Open-Source Is Just That

Definition of “Open Source” vs. Just “Open Source Code”

  • Major contention centers on the article’s claim that “open-source” need not be free/open-source (FOSS).
  • Many argue that “Open Source” (capital O/S) has a well-defined meaning per the OSI: rights to use, modify, and redistribute; mere code visibility without these rights is “source-available,” not open source.
  • Others push back, saying everyday/literal interpretation is “source that is open to read,” and that this broader usage is now common despite OSI/FSF history.
  • Several note that terms like “hot dog” or “heavy metal” show that word combinations can have specialized meanings beyond literal components.

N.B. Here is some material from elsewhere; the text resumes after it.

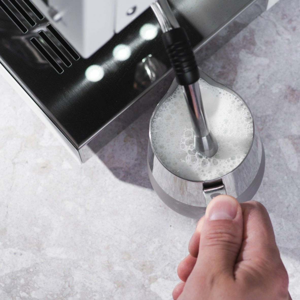 - Electronic steam control with an advanced no-burn steam wand for safety.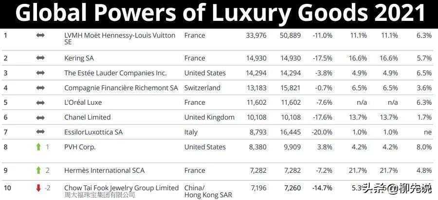 下面简单介绍一下2021年全球前十大奢侈品公司的经营情况。

FOSS, Free Software, and Copyleft Confusion

  • Repeated corrections that “free software” (FSF sense) and “open source” (OSI sense) largely denote the same set of licenses; FOSS is the union, not a stricter subset.
  • Some incorrectly equate “free software” with “viral”/copyleft licenses; others clarify that permissive licenses (MIT/BSD) are also free software and open source.
  • Disagreement whether FOSS implies copyleft or just emphasizes user freedoms; some view the “free software” term as politically motivated and “open source” as more pragmatic.

Licenses, Rights, and Ethics

  • Legal rights: maintainers can ignore PRs (even trivial security fixes), change licenses, or sell projects, within the terms of existing licenses and copyright.
  • Viral licenses and distributed copyright can constrain unilateral relicensing.
  • Commenters distinguish law from ethics: harassment of maintainers and exploitative license changes are seen as unethical but not prohibited by licenses.

Maintainer Obligations and User Entitlement

  • Broad agreement with the article that open source does not guarantee support, feature delivery, or timelines; users expecting “free help on demand” are seen as entitled.
  • Some object that the piece overcorrects, portraying maintainers as owing “nothing” and ignoring community labor: bug reports, docs, evangelism, unpaid code.
  • Corporate users and CLAs draw particular criticism when monetization sidelines volunteers.

Terminology Proposals and Ongoing Confusion

  • Several advocate clearer terms: “source-available” for proprietary-with-source; some suggest alternatives like FLOW (“free libre open work”).
  • Others argue that constantly redefining “open source” dilutes a long-settled consensus and mainly serves marketing or corporate agendas.